AVAILABLE DATA —
==*==
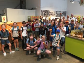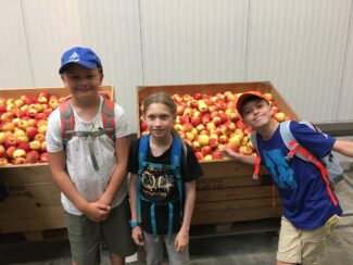 Hier wurde der Klasse der Schutz vor Hagel und Frost für Äpfel erklärt, aber auch wie viel Wildbienenarten es auf den Plantagen gibt und wie Schmitz-Hübsch diese schützt. Nach den Plantagen besuchte die Klasse die Lagerhallen. Ein Hit für alle war z.B. der Gang in den Kühlräume für die Äpfel. Es waren die einzigen Kühlräume mit Sauerstoff. Nach der Führung durch die Lagerhallen durfte sich jedes Kind noch einen Apfel und ein kleines Glas Apfelsaft schnappen und essen bzw. trinken.
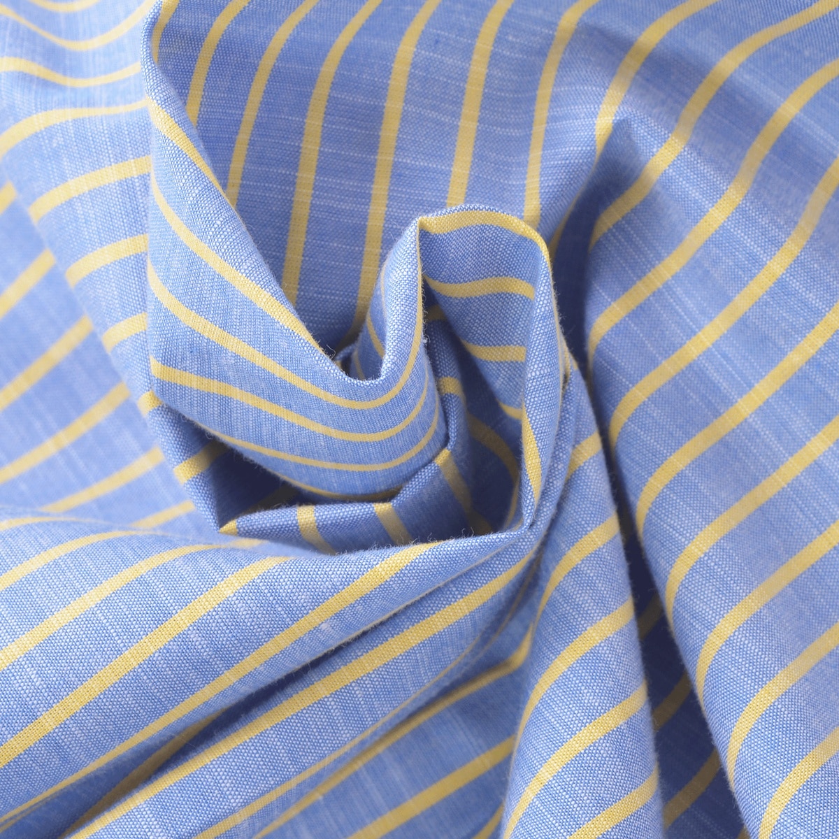 発色と綺麗なカラーが多いヨーロッパ(トルコ素材)のストライプ柄を使用したカジュアルシャツです。ポケットの上にワンポイントのイカリとフラッグの刺繍、そしてカフス剣ボロにメッセージ系の文字(海を愛する人のために)をさりげなく入れた商品に仕上げています。
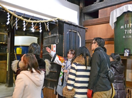 酒蔵ガイドの案内で、現在仕込み最盛期を迎えている酒造りの様子が見学できる(昨年の様子)
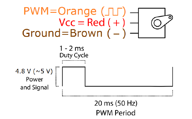 Position “0” (1.5 ms pulse) is middle, “90” (~2ms pulse) is all the way to the right, “-90” (~1ms pulse) is all the way to the left.
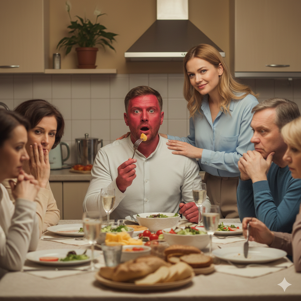 Все за столом замолчали и уставились на Лёшу. У Лёши в горле застрял кусок сыра, рот тоже был набит смесью салата и оливок. Он стремительно начал краснеть. Ира заботливо похлопала его по спине.
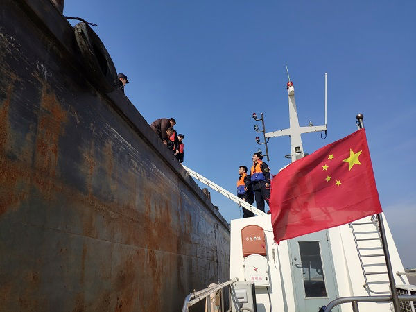 图说:崇明海事局昨查获一艘涉海运输内河船,并完成今年首例跨省移交 崇明海事局供图(下同)
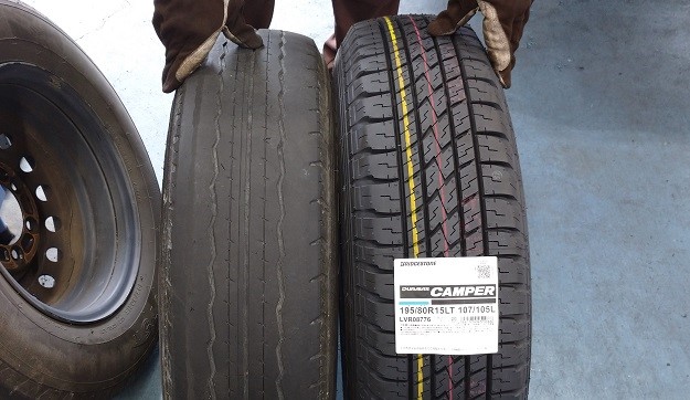 並べて比較してみると…タイヤサイズ表記としては同じ195/80R15ですが太さも外径も少し大きく感じました。
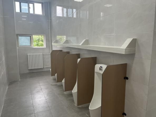 楼全部28个卫生间的整体改造工程,集中完成淡雅系高颜值、更加便捷舒适的卫生间建设。改造后,所有卫生间简约明亮,并搭配木质隔段、脚踏式冲水装置和带灯智能镜、烘手机等人性化设施,只为给师生提供更加实用方便、洁净舒心的如厕环境。
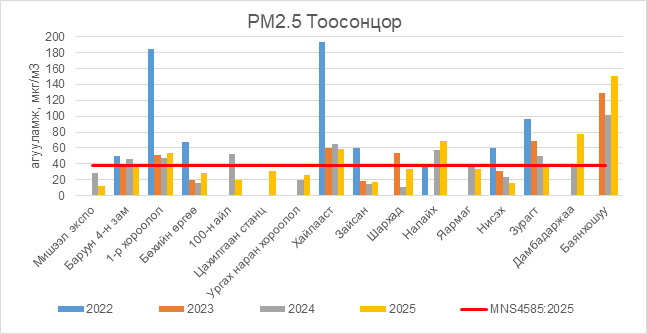 РМ2.5 тоосонцор нь Баруун 4-н зам орчим АЧС-аас 2.5 мкг/м3 –ээр их, 1-р хороолол орчим АЧС-аас 16.5 мкг/м3 –ээр их, Хайлааст орчим АЧС-аас 21.5 мкг/м3 –ээр их, Налайх орчим АЧС-аас 31.5 мкг/м3 –ээр их, Дамбадаржаа орчим АЧС-аас 40.5 мкг/м3 –ээр их, Баянхошуу орчим АЧС-аас 113.5 мкг/м3 –ээр их, бусад цэгүүдэд MNS 4585:2025 АЧС-аас даваагүй байна.
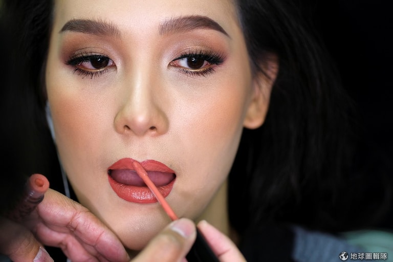 一名參加 2016世界跨性人選美大賽的參賽者,在後台塗上唇蜜準備上台驚艷全場。
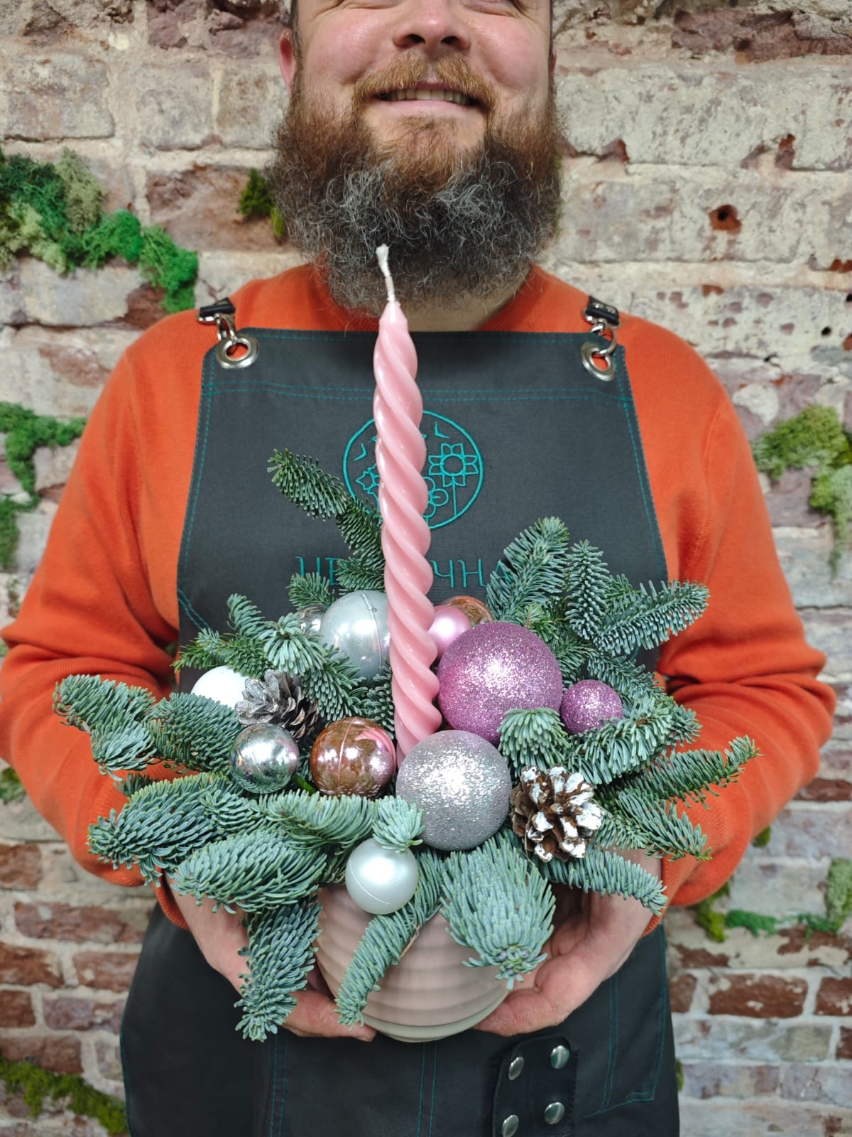 Очаровательная новогодняя композиция из ели нобилис в прелестном керамическом кашпо, дополненная изящной витой свечой, шарами и шишками.
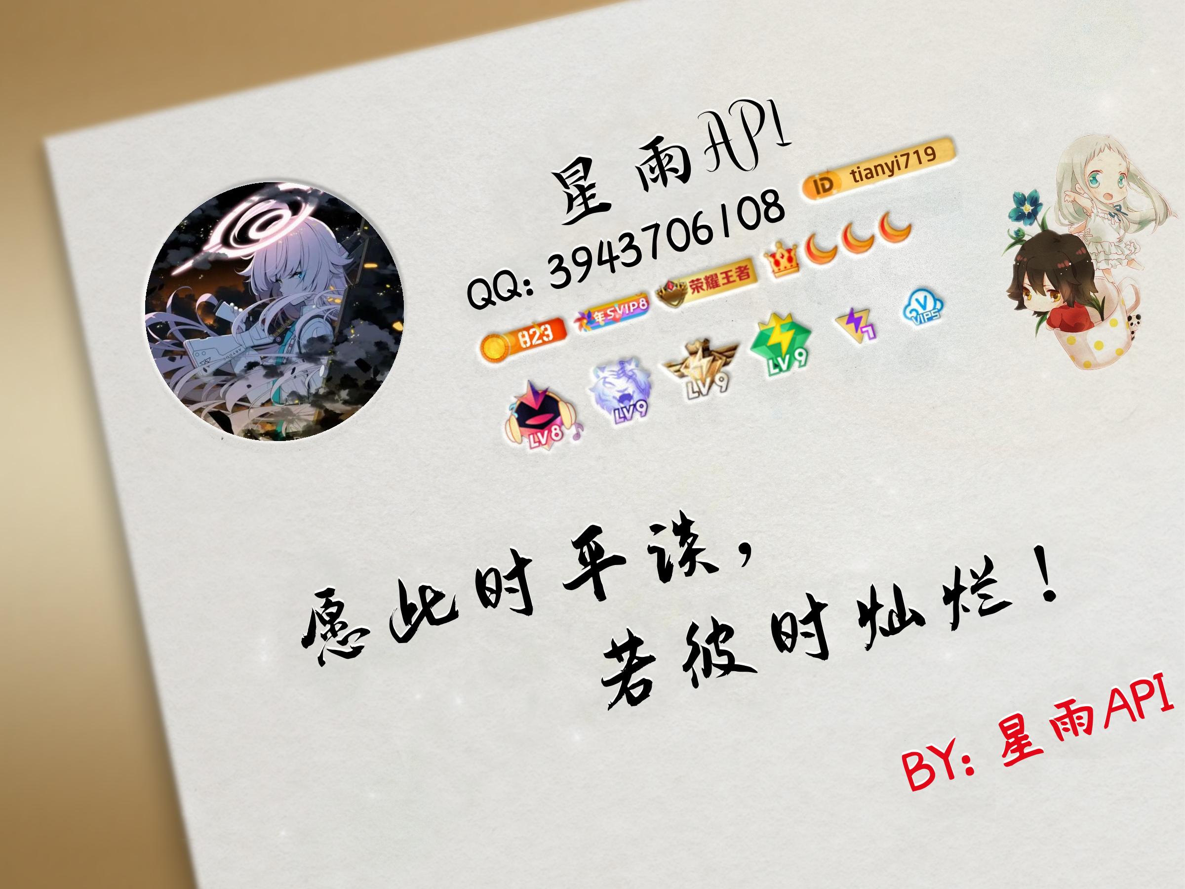 请求示例: https://gh.starrain.fun/api/qqcard.php?uin=3189402257&qid=tianyi719&name=小齐API&wa=愿此时平谈,&was=若彼时灿烂!
==*==
AIM OF THE TASK —
Each line from the one that contains "图说:崇明海事局昨查获一艘涉" down to the one that contains "楼全部28个卫生间的整体改造" is to be returned exactly as it stands above, both ends included, with pictures removed.

ANSWER SECTION —
 图说:崇明海事局昨查获一艘涉海运输内河船,并完成今年首例跨省移交 崇明海事局供图(下同)
 並べて比較してみると…タイヤサイズ表記としては同じ195/80R15ですが太さも外径も少し大きく感じました。
 楼全部28个卫生间的整体改造工程,集中完成淡雅系高颜值、更加便捷舒适的卫生间建设。改造后,所有卫生间简约明亮,并搭配木质隔段、脚踏式冲水装置和带灯智能镜、烘手机等人性化设施,只为给师生提供更加实用方便、洁净舒心的如厕环境。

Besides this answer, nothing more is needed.